The world stands to lose an important part of the sum of human knowledge whenever a language stops being used. Just as the human species is putting itself in danger through the destruction of species diversity, so might we be in danger from the destruction of the diversity of knowledge systems”.
These problems are hard to fix. If one were to approach an educator and tell them to try to fix the problems themselves, the educator will frequently point to a lack of resources to be able to do this. Nevertheless, a greater effort must be made by educators to learn sympathy for the mother tongue of their students if different than their own.
The beauty of academic education is that majority of it comes from books that can more easily be produced in areas with greater resources. It’s on many of the educators in these parts of the world who are multilingual to produce orthographical and instructional materials for use in these developing areas. Given the resource crisis in the developing world, this is likely to be one of the most practical solutions. Children in developing areas have the thirst for knowledge, we must do what we can to satiate it.
When students leave an environment of a classroom where the objective is to learn a particular language to an environment where they are fully capable of including everyone in it. By speaking their mother tongue on campus, either by choice or subconsciously, they are including everyone else on campus into their conversation and essentially into their friend circle.

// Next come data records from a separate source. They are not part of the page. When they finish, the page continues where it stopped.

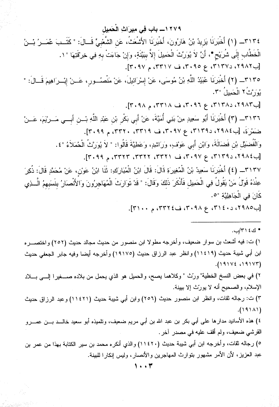 (¬5) رجاله ثقات، وأخرجه ابن أبي شيبة حديث (11420) والذي أنكره محمد بن سير الكتابة بهذا من عمر بن عبد العزيز، لأن الأمر مشهور بتوارث المهاجرين والأنصار، وليس إنكارا للبينة.
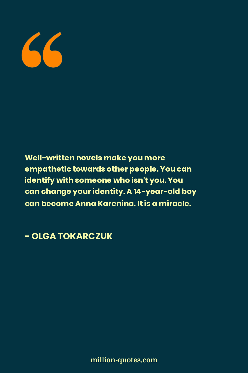 Well-written novels make you more empathetic towards other people. You can identify with someone who isn't you. You can change your identity. A 14-year-old boy can become Anna Karenina. It is a miracle.
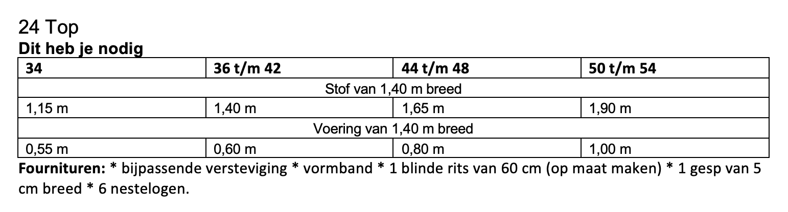 Dit patroon kun je maken in maat 34 t/m 54.
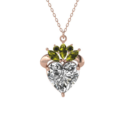 Swarovski ve peridot 14 ayar rose altın kolye (40 cm rose altın rolo zincir)
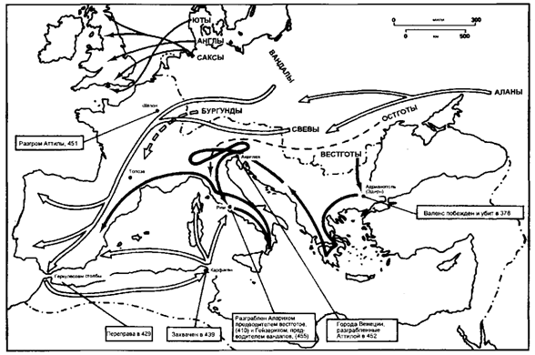 Описания различных германских народов можно найти у Е. А. Томпсона (Римляне и варвары: упадок Западной империи, 1982) и Дж. Д. Рандерса-Персона (На заре борьбы в Европе, 400—700 гг. н. э., 1983). В Восточной Европе были два больших германских государства — остготы («светлые готы») на Украине и вестготы («мудрые готы») — на территории нынешней Румынии. Грозная кавалерия гуннов, негерманского народа, ворвалась в эти районы около 370 г., разрушила королевство остготов и погнала перед собой 200 000 вестготов вдоль Дуная в Восточную Римскую империю, где представители Валенса разрешили им селиться. Но вскоре поселенцы-вестготы воспротестовали, имея для этого основания, против угнетения и эксплуатации со стороны восточных римлян, а затем восстали против них. Под предводительством своего вождя Фритигерна они опустошили Балканы; в то же время другие германские племена, расселившиеся вдоль Дуная, пробудились от спячки. Император Валенс поспешил из Азии и намеревался атаковать их у Адрианополя 9 августа 378 г. Вестготы опередили его и после успешной фланговой атаки своих всадников одержали ошеломительную победу. Римская кавалерия бежала, пехота была полностью уничтожена. Валенс погиб, и никто не нашел его тело.

This attitude of speaking their mother tongue when they have the choice to speak in this universal language may be beneficial from the teaching standpoint but also from social and cultural point of view. Language is the essence and identity of culture, and is a major tool for communication.
It is a major tool for exchanging ideas, emotions and feelings. To know your language is the key way to keep and preserve your culture. In recent times, the idea of linguistic and cultural awareness has increased; thus allowing the mother tongue to be more culturally accepted.
It’s clear we must strive to reform the systems that educate the youth to further the quality of learning a language, not target families who speak a different language at home. Destroying culture, diversity and family comfort all while supplying a dangerously low level of education for the sole benefit of the systems that are “educating” children is passed off as acceptable within these systems’ own view because they pass off the merits of mother tongue education.
Maintaining and retaining the languages of ethnic and cultural groups is critical for the preservation of cultural heritage and identity. Using one’s mother tongue at home will make it easier for speakers to be more comfortable with their own linguistic and cultural identity.
(The writer, a linguist and author, is with Department of Linguistics, Aligarh Muslim University, Uttar Pradesh)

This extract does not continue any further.